Molecular Pathology Indian Medical PG Practice Questions and MCQs

Question 61: Which of the following is a pro-apoptotic factor?

A. Bax (Correct Answer)
B. Bcl-2
C. Bcl-xL
D. Mcl-1

Explanation: **Explanation:** Apoptosis (programmed cell death) is tightly regulated by the **Bcl-2 family of proteins**, which act as a molecular switch for the intrinsic (mitochondrial) pathway [2]. These proteins are categorized into two functional groups: pro-apoptotic and anti-apoptotic. **Why Bax is Correct:** **Bax** (along with **Bak**) is a **pro-apoptotic effector** protein [1]. When activated by cellular stress or DNA damage, Bax and Bak oligomerize and insert into the outer mitochondrial membrane. This creates pores, leading to **Mitochondrial Outer Membrane Permeabilization (MOMP)**. This allows the release of **Cytochrome c** into the cytosol, which activates the caspase cascade, ultimately leading to cell death. **Why the Other Options are Incorrect:** * **Bcl-2, Bcl-xL, and Mcl-1 (Options B, C, and D):** These are all **anti-apoptotic (pro-survival)** proteins [1]. They reside in the mitochondrial membranes and cytosol, where they bind to and inhibit pro-apoptotic sensors and effectors. Their primary role is to prevent the leakage of Cytochrome c, thereby keeping the cell alive. **High-Yield Clinical Pearls for NEET-PG:** * **The Ratio Matters:** The balance between pro-apoptotic (Bax/Bak) and anti-apoptotic (Bcl-2/Bcl-xL) factors determines the cell's fate [2]. * **BH3-only proteins:** Proteins like **Bad, Bim, and Bid** are "sensors" that neutralize anti-apoptotic proteins, allowing Bax/Bak to function. * **Follicular Lymphoma:** Characterized by the **t(14;18)** translocation, which leads to the overexpression of **Bcl-2**, preventing apoptosis and allowing neoplastic B-cells to survive [3]. * **Mnemonic:** "Bax" and "Bak" make the mitochondrial membrane "leak." **References:** [1] Kumar V, Abbas AK, et al.. Robbins and Cotran Pathologic Basis of Disease. 9th ed. Neoplasia, p. 310. [2] Kumar V, Abbas AK, et al.. Robbins and Cotran Pathologic Basis of Disease. 9th ed. Cellular Responses to Stress and Toxic Insults: Adaptation, Injury, and Death, pp. 64-65. [3] Kumar V, Abbas AK, et al.. Robbins and Cotran Pathologic Basis of Disease. 9th ed. Neoplasia, pp. 310-311.

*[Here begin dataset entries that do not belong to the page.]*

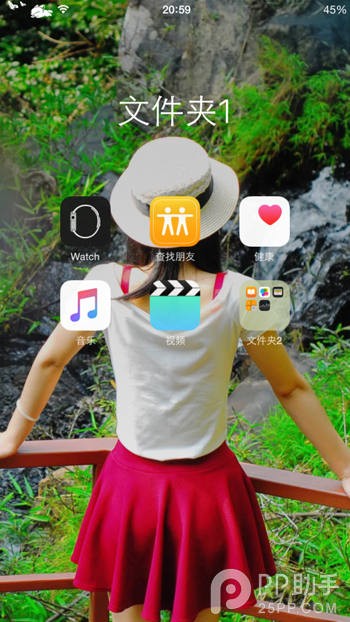 1、首先建立兩個文件夾!然後把第一個文件夾(下稱文件夾1)放到屏幕圖標第二個位置上,如圖一樣,然後把要隱藏的App放到第二個文件夾(文件夾2)裡,這裡演示的是隱藏【天氣】和【郵件】圖標。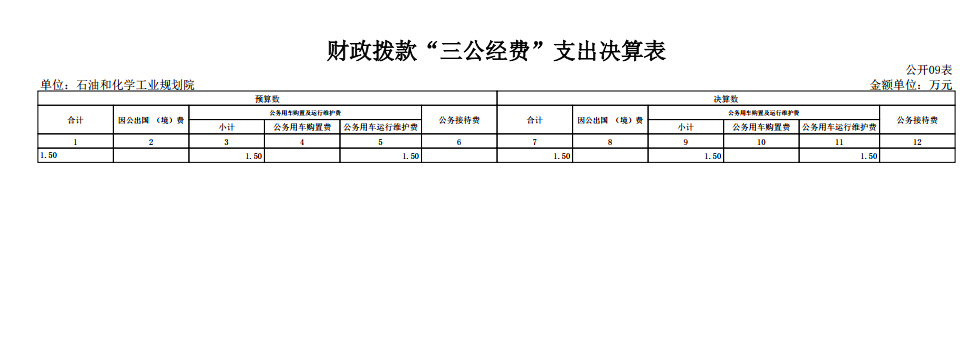 2024年决算实际拨款为:1.5万元,其中:因公出国费0.00万元、公务用车运行费1.5万元、公务接待费0.00万元。预决算拨款持平。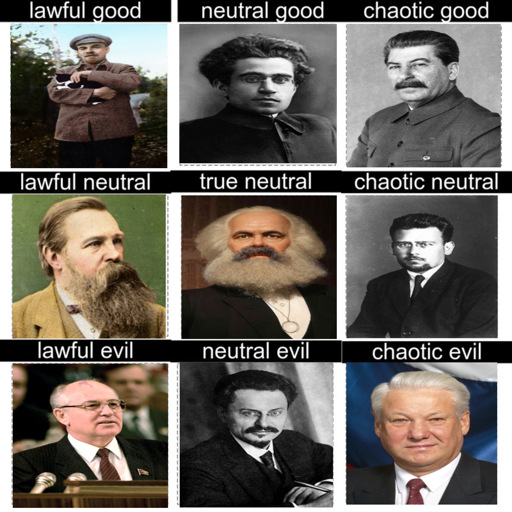 Someone else already pointed out the issues with D&D style alingnment. Even following D&D alignment, I would think Lenin’s and Stalin’s positions would be swapped. Most of Lenin’s time active as a revolutionary was overthrowing the tsar, which definitely went against the law. Much of Stalin’s time as a revolutionary was as general secretary of the new society the revolutionary workers and peasants built, so he was operating within the law. If this was limited to Stalin’s work before the founding of the USSR this would make more sense, but people on this chart come from a bunch of different times.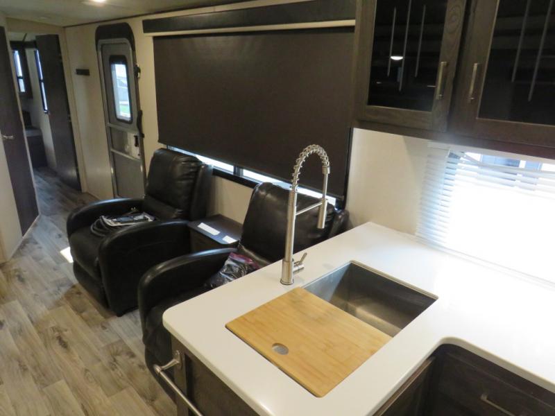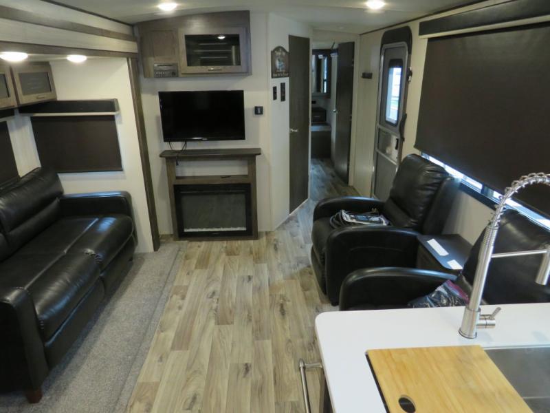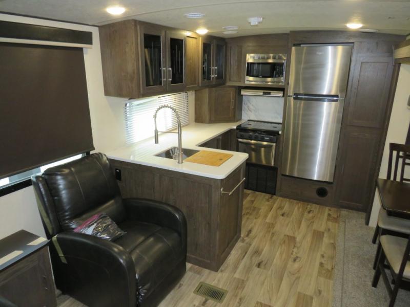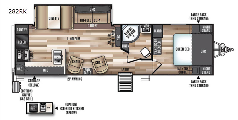For your next camping trip you will want this single slide out Wildwood Heritage Glen LTZ 282RK travel trailer in tow. Your family of five can camp in comfort and style with this travel trailer. Outside there is a 21' awning which provides plenty of shade plus maximizes your outdoor living space. With the large pass through storage area you will have enough room for all of your camping gear. This model also has an optional exterior kitchen as well as an optional swivel gas grill which makes cooking outdoors easy. Inside you will find plenty of living space with the single slide out along the roadside. The rear kitchen has plenty of counter space as well as overhead cabinets. In the evening you can watch a favorite movie or TV show at the living room 32" HD TV and enjoy a fire in the fireplace.

Question 62: In Vitamin-A deficiency, cancerous lesions occur due to which cellular adaptation?

A. Metaplasia (Correct Answer)
B. Dysplasia
C. Aplasia
D. Hyperplasia

Explanation: **Explanation:** **Why Metaplasia is Correct:** Vitamin A (Retinoic acid) is essential for the normal differentiation of epithelial tissues. It acts as a transcription factor by binding to nuclear receptors, ensuring that specialized epithelia (like the mucus-secreting columnar epithelium of the respiratory tract) maintain their specific characteristics. In **Vitamin A deficiency**, this regulatory signal is lost, leading to **Squamous Metaplasia**. The delicate columnar epithelium is replaced by a rugged, stratified squamous epithelium. While this new epithelium is more resistant to physical stress, it loses vital functions (like mucus secretion) [1]. If the underlying stimulus (deficiency) persists, this metaplastic epithelium can undergo genetic mutations, progressing to **dysplasia** [2] and eventually **squamous cell carcinoma** [1]. **Why Other Options are Incorrect:** * **Dysplasia:** This refers to disordered growth and loss of cellular architectural uniformity [2]. While dysplasia is a precursor to cancer, it is the *consequence* of persistent metaplasia in this context, not the primary cellular adaptation caused directly by the deficiency. * **Aplasia:** This refers to the failure of an organ or tissue to develop or function. It is a developmental or regenerative failure, not a transformation of cell types. * **Hyperplasia:** This is an increase in the number of cells in an organ. While it can coexist with other changes [2], it does not describe the change in cell *type* (differentiation) characteristic of Vitamin A deficiency. **High-Yield Clinical Pearls for NEET-PG:** * **Bitot’s Spots:** Keratin debris on the conjunctiva due to squamous metaplasia. * **Keratomalacia:** Softening and ulceration of the cornea. * **Xerophthalmia:** Pathological dryness of the conjunctiva and cornea. * **Therapeutic Use:** All-trans retinoic acid (ATRA) is used in Acute Promyelocytic Leukemia (APL - M3) to induce the differentiation of leukemic blasts. **References:** [1] Kumar V, Abbas AK, et al.. Robbins and Cotran Pathologic Basis of Disease. 9th ed. Cellular Responses to Stress and Toxic Insults: Adaptation, Injury, and Death, p. 49. [2] Kumar V, Abbas AK, et al.. Robbins and Cotran Pathologic Basis of Disease. 9th ed. The Lung, p. 723.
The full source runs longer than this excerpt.